Openvpn on tcp 443 and nextcloud not accessible from internet

Hi,

I have just installed nextcloud on my raspberry pi 2. I am also running pihole which uses port 80 for admin webpage and pivpn which runs on 443 tcp and udp.

I have managed to change the apache to run on a different port than 80 and i can access nextcloud from within my LAN and even the app works fine too.

On my firewall, I have 443 tcp and udp forwarded to my pi local ip address and my openvpn works fine. I have added port-share option on my openvpn server.conf and I am using port-share 4443 so that the traffic can pass to this port number internally.

My apache2/port.conf looks like below:

If you just change the port or add more ports here, you will likely also

have to change the VirtualHost statement in

/etc/apache2/sites-enabled/000-default.conf

Listen 880

Listen 4443 Listen 880

vim: syntax=apache ts=4 sw=4 sts=4 sr noet

my 000-default.conf looks like below:

<VirtualHost *:880>
ServerName mydomain.ddns.net
Redirect permanent / https://mydomain.ddns.net/
# The ServerName directive sets the request scheme, hostname and port t$
# the server uses to identify itself.

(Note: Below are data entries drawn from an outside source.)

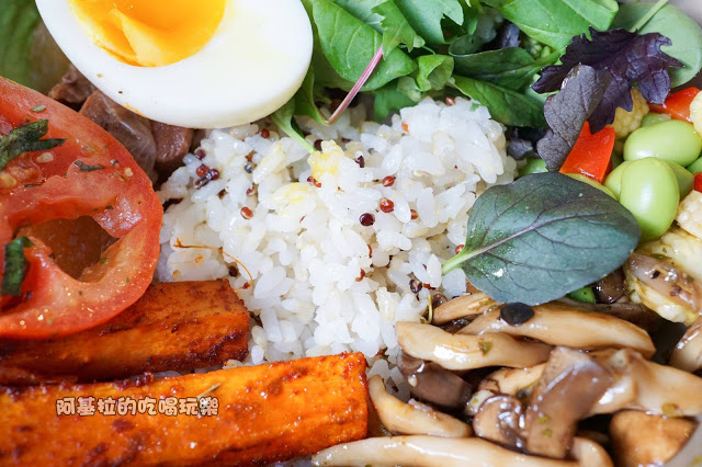 米飯的部份有放入藜麥,讓軟硬適中的白飯之中多了微微的顆粒口感,搭配各種美味的配料,讓我一口接一口,吃的很滿足。
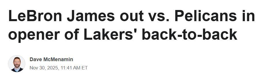 今日對鵜鶘的比賽,是湖人背靠背的首戰,他們將於明日主場迎戰太陽隊。詹姆斯的長期好友兼經紀人、Klutch體育公司CEO裏奇-保羅上週向ESPN透露,考慮到詹姆斯正征戰創紀錄的第23個NBA賽季,爲保護其身體狀態,他更傾向於讓詹姆斯在背靠背的比賽中休息一場。
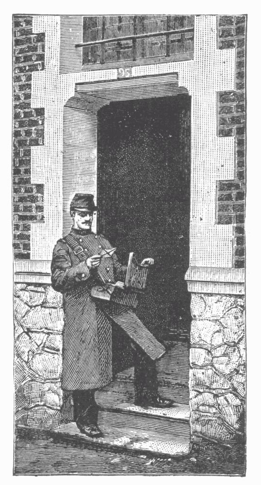 The arrangements for mailing and receiving letters in Paris are, in general, very satisfactory,—the branch post-offices are over a hundred in number, and they will receive not only letters and mailable packages, but telegrams. They do a very large business, and are generally thronged all day in the popular quarters,—the registry department being greatly in favor. At night, they are recognizable by their blue lanterns, and there are also, since 1894, auxiliary offices in certain shops designated by blue signs. The letter-boxes, set in the wall of the building, so that letters and packages may be mailed from the street, are usually four in number, one each for Paris, the departments, foreign mail, and for printed matter. Stamps may be bought and letters mailed also in very many of the small tobacco-shops, in public buildings, and in the dépôts of the railways and the tramways of the suburbs. There are eight collections and distributions a day, on work-days, and five on Sundays and fête-days; the facteur, or carrier, has discharged his duty when he has left the mail with the concierge of the building, and its final delivery rests entirely with the latter functionary. These facteurs, who are generally intelligent and conscientious, wear the inevitable uniform of all French officials, and carry their mail in an absurd stiff little leathern box, suspended in front of their stomachs by a strap around their necks. Their distributing matter never seems to exceed the capacity of this box,—ranging in quantity from a third to a tenth of the ordinary burden of a New York letter-carrier.

This is used when creating
# redirection URLs. In the context of virtual hosts, the ServerName
# specifies what hostname must appear in the request’s Host: header to
# match this virtual host. For the default virtual host (this file) this
# value is not decisive as it is used as a last resort host regardless.
# However, you must set it for any further virtual host explicitly.
#ServerName www.example.com

    ServerAdmin webmaster@localhost
    DocumentRoot /var/www/html

    # Available loglevels: trace8, ..., trace1, debug, info, notice, warn,
    # error, crit, alert, emerg.
    # It is also possible to configure the loglevel for particular
    # modules, e.g.

my default-ssl.conf looks like below:

Servername mydomain.ddns.net ServerAdmin webmaster@localhost
            DocumentRoot /var/www/html

            # Available loglevels: trace8, ..., trace1, debug, info, notice$
            # error, crit, alert, emerg.
            # It is also possible to configure the loglevel for particular
            # modules, e.g.
            #LogLevel info ssl:warn

            ErrorLog ${APACHE_LOG_DIR}/error.log
            CustomLog ${APACHE_LOG_DIR}/access.log combined

There are two issues I am facing as per below:

First issue: I cannot access nextcloud from the internet. Can you please help me how this can be achieved once you have looked at my files above. I do not want to change my pihole port 80 and pivpn 443. I would like to use alternative ports such as 880 and 4443.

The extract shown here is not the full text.